▸ **PROBLEM TO WORK ON**
Since each line must match the original, copy out the records with no differences at all.

==== MATERIAL FOR THIS TASK ====

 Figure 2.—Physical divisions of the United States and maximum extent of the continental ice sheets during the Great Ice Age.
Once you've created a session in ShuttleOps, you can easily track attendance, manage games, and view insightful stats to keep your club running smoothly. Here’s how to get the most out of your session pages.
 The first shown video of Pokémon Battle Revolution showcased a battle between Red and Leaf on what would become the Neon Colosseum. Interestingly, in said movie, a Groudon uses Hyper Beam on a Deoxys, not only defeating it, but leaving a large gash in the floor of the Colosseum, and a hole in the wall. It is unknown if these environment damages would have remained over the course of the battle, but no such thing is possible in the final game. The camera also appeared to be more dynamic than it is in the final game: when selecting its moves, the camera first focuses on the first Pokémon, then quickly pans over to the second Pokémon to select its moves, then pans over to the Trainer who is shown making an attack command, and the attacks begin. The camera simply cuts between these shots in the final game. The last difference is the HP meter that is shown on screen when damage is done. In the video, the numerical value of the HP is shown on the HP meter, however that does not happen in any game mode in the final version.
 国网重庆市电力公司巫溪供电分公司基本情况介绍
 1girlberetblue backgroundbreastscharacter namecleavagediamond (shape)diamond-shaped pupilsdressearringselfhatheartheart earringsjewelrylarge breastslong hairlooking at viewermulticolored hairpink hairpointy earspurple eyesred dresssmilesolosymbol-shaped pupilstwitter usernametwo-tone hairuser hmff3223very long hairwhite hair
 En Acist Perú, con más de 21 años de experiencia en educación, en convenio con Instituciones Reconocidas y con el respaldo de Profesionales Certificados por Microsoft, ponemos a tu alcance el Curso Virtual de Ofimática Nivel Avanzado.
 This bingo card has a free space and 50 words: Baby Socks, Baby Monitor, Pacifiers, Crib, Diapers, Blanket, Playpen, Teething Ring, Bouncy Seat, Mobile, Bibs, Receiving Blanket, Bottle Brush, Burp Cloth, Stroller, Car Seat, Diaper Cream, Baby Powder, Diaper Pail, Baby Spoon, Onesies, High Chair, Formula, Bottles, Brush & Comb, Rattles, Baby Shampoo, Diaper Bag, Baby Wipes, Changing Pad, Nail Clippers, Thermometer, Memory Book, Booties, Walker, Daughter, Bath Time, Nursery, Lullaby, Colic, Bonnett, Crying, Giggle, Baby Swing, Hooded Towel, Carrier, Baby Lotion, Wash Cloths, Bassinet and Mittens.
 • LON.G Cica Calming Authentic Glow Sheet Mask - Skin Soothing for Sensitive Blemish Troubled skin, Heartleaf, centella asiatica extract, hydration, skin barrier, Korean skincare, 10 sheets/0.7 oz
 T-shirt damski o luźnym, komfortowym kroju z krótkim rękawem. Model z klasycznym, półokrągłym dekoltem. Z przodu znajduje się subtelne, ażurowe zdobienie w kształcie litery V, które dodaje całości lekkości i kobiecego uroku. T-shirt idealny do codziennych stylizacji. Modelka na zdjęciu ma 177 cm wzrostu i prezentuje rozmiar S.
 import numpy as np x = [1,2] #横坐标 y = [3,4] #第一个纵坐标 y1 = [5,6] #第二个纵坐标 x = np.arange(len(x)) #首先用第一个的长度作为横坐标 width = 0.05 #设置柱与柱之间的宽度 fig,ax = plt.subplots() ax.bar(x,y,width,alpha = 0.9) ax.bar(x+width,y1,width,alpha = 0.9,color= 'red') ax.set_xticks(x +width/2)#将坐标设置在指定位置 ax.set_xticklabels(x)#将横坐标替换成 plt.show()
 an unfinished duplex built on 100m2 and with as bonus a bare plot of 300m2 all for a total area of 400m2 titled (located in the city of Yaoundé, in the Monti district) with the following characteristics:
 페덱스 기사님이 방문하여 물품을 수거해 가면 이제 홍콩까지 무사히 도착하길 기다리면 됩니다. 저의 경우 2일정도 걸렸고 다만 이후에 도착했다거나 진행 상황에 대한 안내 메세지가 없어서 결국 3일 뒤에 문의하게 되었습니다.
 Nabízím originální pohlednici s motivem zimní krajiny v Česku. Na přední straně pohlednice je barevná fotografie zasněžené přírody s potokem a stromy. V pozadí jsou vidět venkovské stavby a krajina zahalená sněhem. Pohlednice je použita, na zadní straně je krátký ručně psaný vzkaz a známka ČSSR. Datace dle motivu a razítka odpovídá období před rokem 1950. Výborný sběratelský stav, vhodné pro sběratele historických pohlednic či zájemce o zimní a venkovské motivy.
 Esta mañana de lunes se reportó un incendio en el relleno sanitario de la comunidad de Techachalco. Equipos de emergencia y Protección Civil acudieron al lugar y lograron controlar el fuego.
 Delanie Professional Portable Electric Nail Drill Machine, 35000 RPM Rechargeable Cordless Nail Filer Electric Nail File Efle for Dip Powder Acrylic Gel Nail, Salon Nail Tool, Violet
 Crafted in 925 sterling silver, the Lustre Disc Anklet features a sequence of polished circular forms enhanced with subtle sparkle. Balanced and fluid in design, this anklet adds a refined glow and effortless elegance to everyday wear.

====

▸ **ANSWER TO THE PROBLEM**
 Figure 2.—Physical divisions of the United States and maximum extent of the continental ice sheets during the Great Ice Age.
Once you've created a session in ShuttleOps, you can easily track attendance, manage games, and view insightful stats to keep your club running smoothly. Here’s how to get the most out of your session pages.
 The first shown video of Pokémon Battle Revolution showcased a battle between Red and Leaf on what would become the Neon Colosseum. Interestingly, in said movie, a Groudon uses Hyper Beam on a Deoxys, not only defeating it, but leaving a large gash in the floor of the Colosseum, and a hole in the wall. It is unknown if these environment damages would have remained over the course of the battle, but no such thing is possible in the final game. The camera also appeared to be more dynamic than it is in the final game: when selecting its moves, the camera first focuses on the first Pokémon, then quickly pans over to the second Pokémon to select its moves, then pans over to the Trainer who is shown making an attack command, and the attacks begin. The camera simply cuts between these shots in the final game. The last difference is the HP meter that is shown on screen when damage is done. In the video, the numerical value of the HP is shown on the HP meter, however that does not happen in any game mode in the final version.
 国网重庆市电力公司巫溪供电分公司基本情况介绍
 1girlberetblue backgroundbreastscharacter namecleavagediamond (shape)diamond-shaped pupilsdressearringselfhatheartheart earringsjewelrylarge breastslong hairlooking at viewermulticolored hairpink hairpointy earspurple eyesred dresssmilesolosymbol-shaped pupilstwitter usernametwo-tone hairuser hmff3223very long hairwhite hair
 En Acist Perú, con más de 21 años de experiencia en educación, en convenio con Instituciones Reconocidas y con el respaldo de Profesionales Certificados por Microsoft, ponemos a tu alcance el Curso Virtual de Ofimática Nivel Avanzado.
 This bingo card has a free space and 50 words: Baby Socks, Baby Monitor, Pacifiers, Crib, Diapers, Blanket, Playpen, Teething Ring, Bouncy Seat, Mobile, Bibs, Receiving Blanket, Bottle Brush, Burp Cloth, Stroller, Car Seat, Diaper Cream, Baby Powder, Diaper Pail, Baby Spoon, Onesies, High Chair, Formula, Bottles, Brush & Comb, Rattles, Baby Shampoo, Diaper Bag, Baby Wipes, Changing Pad, Nail Clippers, Thermometer, Memory Book, Booties, Walker, Daughter, Bath Time, Nursery, Lullaby, Colic, Bonnett, Crying, Giggle, Baby Swing, Hooded Towel, Carrier, Baby Lotion, Wash Cloths, Bassinet and Mittens.
 • LON.G Cica Calming Authentic Glow Sheet Mask - Skin Soothing for Sensitive Blemish Troubled skin, Heartleaf, centella asiatica extract, hydration, skin barrier, Korean skincare, 10 sheets/0.7 oz
 T-shirt damski o luźnym, komfortowym kroju z krótkim rękawem. Model z klasycznym, półokrągłym dekoltem. Z przodu znajduje się subtelne, ażurowe zdobienie w kształcie litery V, które dodaje całości lekkości i kobiecego uroku. T-shirt idealny do codziennych stylizacji. Modelka na zdjęciu ma 177 cm wzrostu i prezentuje rozmiar S.
 import numpy as np x = [1,2] #横坐标 y = [3,4] #第一个纵坐标 y1 = [5,6] #第二个纵坐标 x = np.arange(len(x)) #首先用第一个的长度作为横坐标 width = 0.05 #设置柱与柱之间的宽度 fig,ax = plt.subplots() ax.bar(x,y,width,alpha = 0.9) ax.bar(x+width,y1,width,alpha = 0.9,color= 'red') ax.set_xticks(x +width/2)#将坐标设置在指定位置 ax.set_xticklabels(x)#将横坐标替换成 plt.show()
 an unfinished duplex built on 100m2 and with as bonus a bare plot of 300m2 all for a total area of 400m2 titled (located in the city of Yaoundé, in the Monti district) with the following characteristics:
 페덱스 기사님이 방문하여 물품을 수거해 가면 이제 홍콩까지 무사히 도착하길 기다리면 됩니다. 저의 경우 2일정도 걸렸고 다만 이후에 도착했다거나 진행 상황에 대한 안내 메세지가 없어서 결국 3일 뒤에 문의하게 되었습니다.
 Nabízím originální pohlednici s motivem zimní krajiny v Česku. Na přední straně pohlednice je barevná fotografie zasněžené přírody s potokem a stromy. V pozadí jsou vidět venkovské stavby a krajina zahalená sněhem. Pohlednice je použita, na zadní straně je krátký ručně psaný vzkaz a známka ČSSR. Datace dle motivu a razítka odpovídá období před rokem 1950. Výborný sběratelský stav, vhodné pro sběratele historických pohlednic či zájemce o zimní a venkovské motivy.
 Esta mañana de lunes se reportó un incendio en el relleno sanitario de la comunidad de Techachalco. Equipos de emergencia y Protección Civil acudieron al lugar y lograron controlar el fuego.
 Delanie Professional Portable Electric Nail Drill Machine, 35000 RPM Rechargeable Cordless Nail Filer Electric Nail File Efle for Dip Powder Acrylic Gel Nail, Salon Nail Tool, Violet
 Crafted in 925 sterling silver, the Lustre Disc Anklet features a sequence of polished circular forms enhanced with subtle sparkle. Balanced and fluid in design, this anklet adds a refined glow and effortless elegance to everyday wear.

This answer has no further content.